Supplied material section start
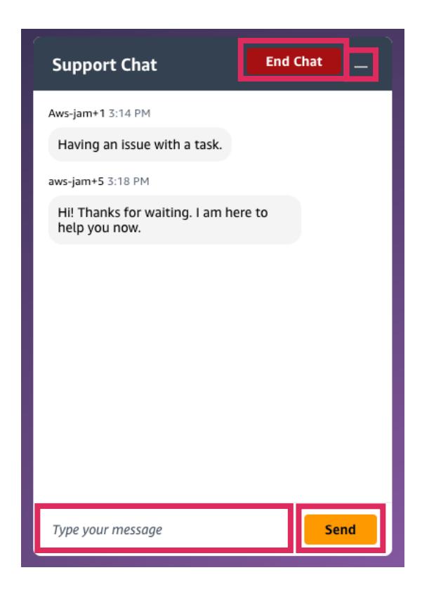 - A support team member will respond to your request and you can read their response in the support chat window. Type your message and send as many times as needed. Choose minimize to hide the Support Chat window. When done conversing, choose End Chat.
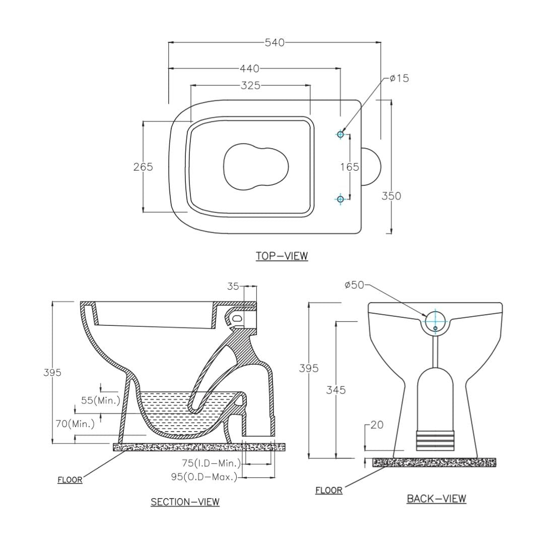 Floor mounted closets are traditional toilets that are mounted on the floor. They are known for their stability and ease of installation. This design is versatile and compatible with a wide range of bathroom layouts, making it a popular choice for both residential and commercial spaces.
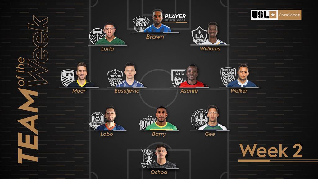 D – Luca Lobo, Tulsa Roughnecks FC: Making his professional debut, Lobo struck twice in four minutes as part of the Roughnecks’ run of five unanswered goals that earned the side its first road win since September 2017.
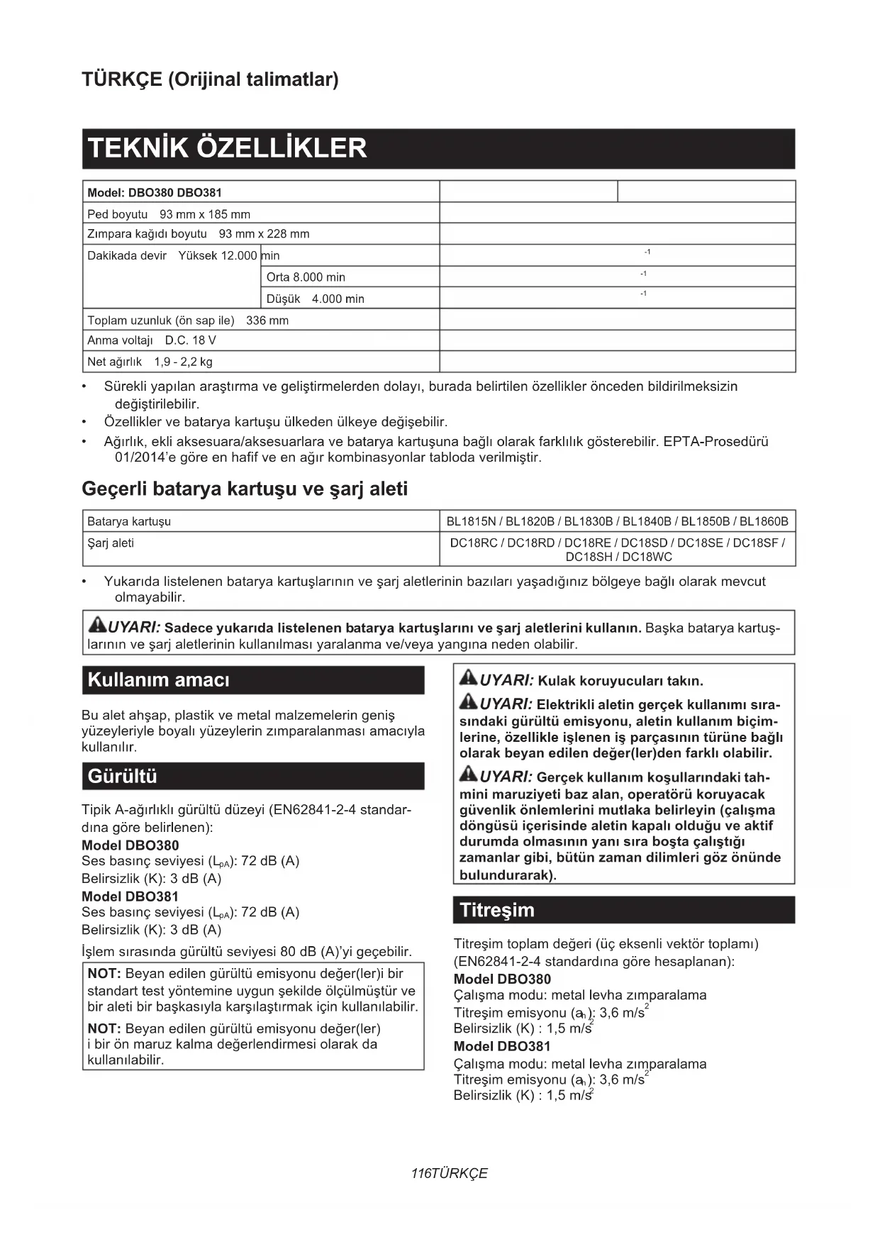 - Yukarıdalistelenenbataryakartuşlarınınveşarjaletlerininbazılarıyaşadığınızbölgeyebağlıolarakmevcut olmayabilir. UYARI: Sadece yukarıda listelenen batarya kartuşlarını ve şarj aletlerini kullanın.Başkabataryakartuş- larınınveşarjaletlerininkullanılmasıyaralanmave/veyayangınanedenolabilir. Kullanım amacı Bualetahşap,plastikvemetalmalzemeleringeniş yüzeyleriyleboyalıyüzeylerinzımparalanmasıamacıyla kullanılır. Gürültü TipikA-ağırlıklıgürültüdüzeyi(EN62841-2-4standar- dınagörebelirlenen): Model DBO380 Sesbasınçseviyesi(L
Supplied material section end
▶ **What is being asked**
Repeat only the stretch of data above that runs from the line with "Floor mounted closets" to the line with "D – Luca Lobo, Tulsa". Keep both end lines; exclude pictures.

▶ **Written response**
 Floor mounted closets are traditional toilets that are mounted on the floor. They are known for their stability and ease of installation. This design is versatile and compatible with a wide range of bathroom layouts, making it a popular choice for both residential and commercial spaces.
 D – Luca Lobo, Tulsa Roughnecks FC: Making his professional debut, Lobo struck twice in four minutes as part of the Roughnecks’ run of five unanswered goals that earned the side its first road win since September 2017.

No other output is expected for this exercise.